ASSIGNMENT: Restate, word for word and with no pictures, the stretch of lines in the data below that begins at the line with "6.直接【F8】单步到返回到" and ends at the line with "Docking simulation of", inclusive.

SOURCE DATA:
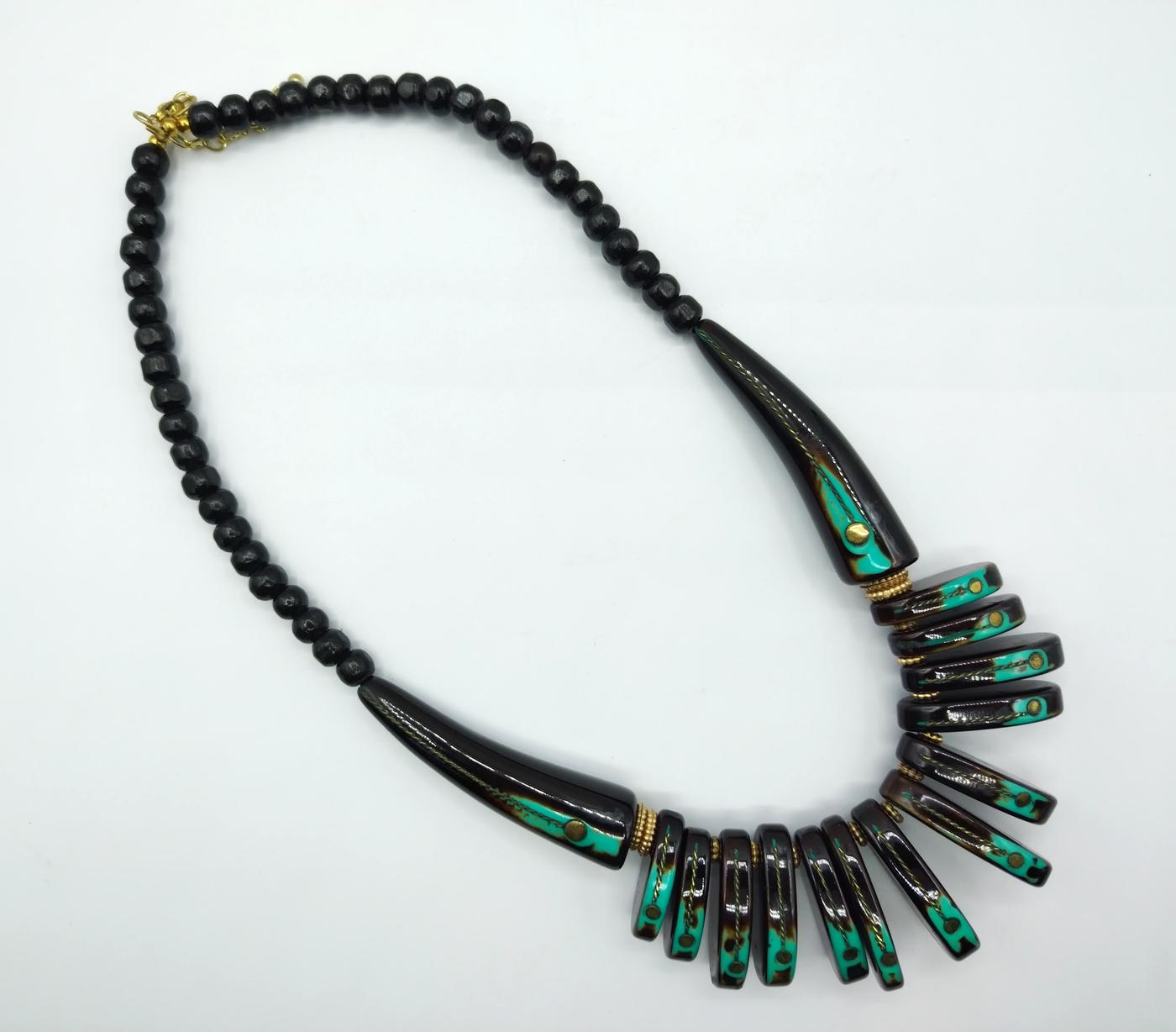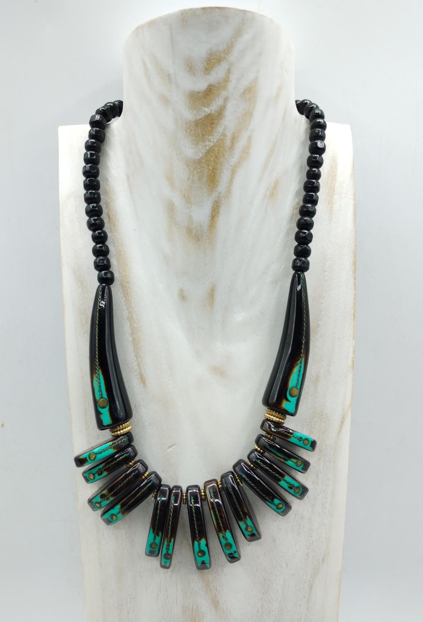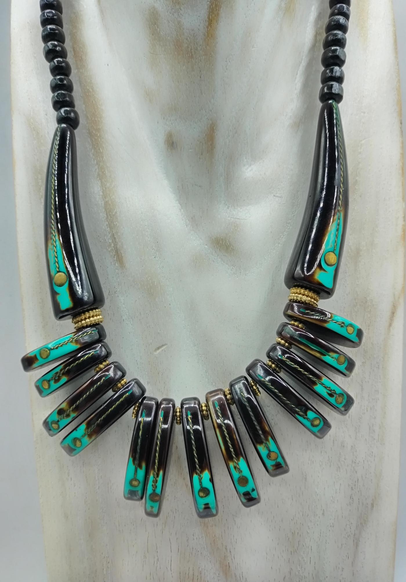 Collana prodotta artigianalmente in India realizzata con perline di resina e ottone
==
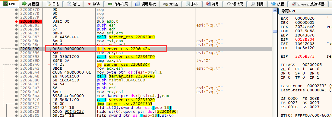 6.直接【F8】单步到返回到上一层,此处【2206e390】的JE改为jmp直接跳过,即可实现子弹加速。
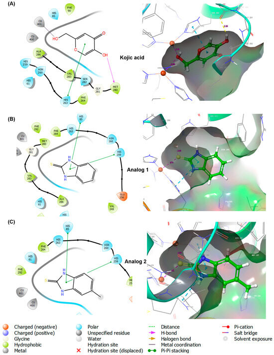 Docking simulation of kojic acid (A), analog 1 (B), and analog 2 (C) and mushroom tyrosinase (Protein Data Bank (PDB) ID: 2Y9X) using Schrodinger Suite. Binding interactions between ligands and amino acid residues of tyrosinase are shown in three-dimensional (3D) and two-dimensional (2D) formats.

EXERCISE SOLUTION:
 6.直接【F8】单步到返回到上一层,此处【2206e390】的JE改为jmp直接跳过,即可实现子弹加速。
 Docking simulation of kojic acid (A), analog 1 (B), and analog 2 (C) and mushroom tyrosinase (Protein Data Bank (PDB) ID: 2Y9X) using Schrodinger Suite. Binding interactions between ligands and amino acid residues of tyrosinase are shown in three-dimensional (3D) and two-dimensional (2D) formats.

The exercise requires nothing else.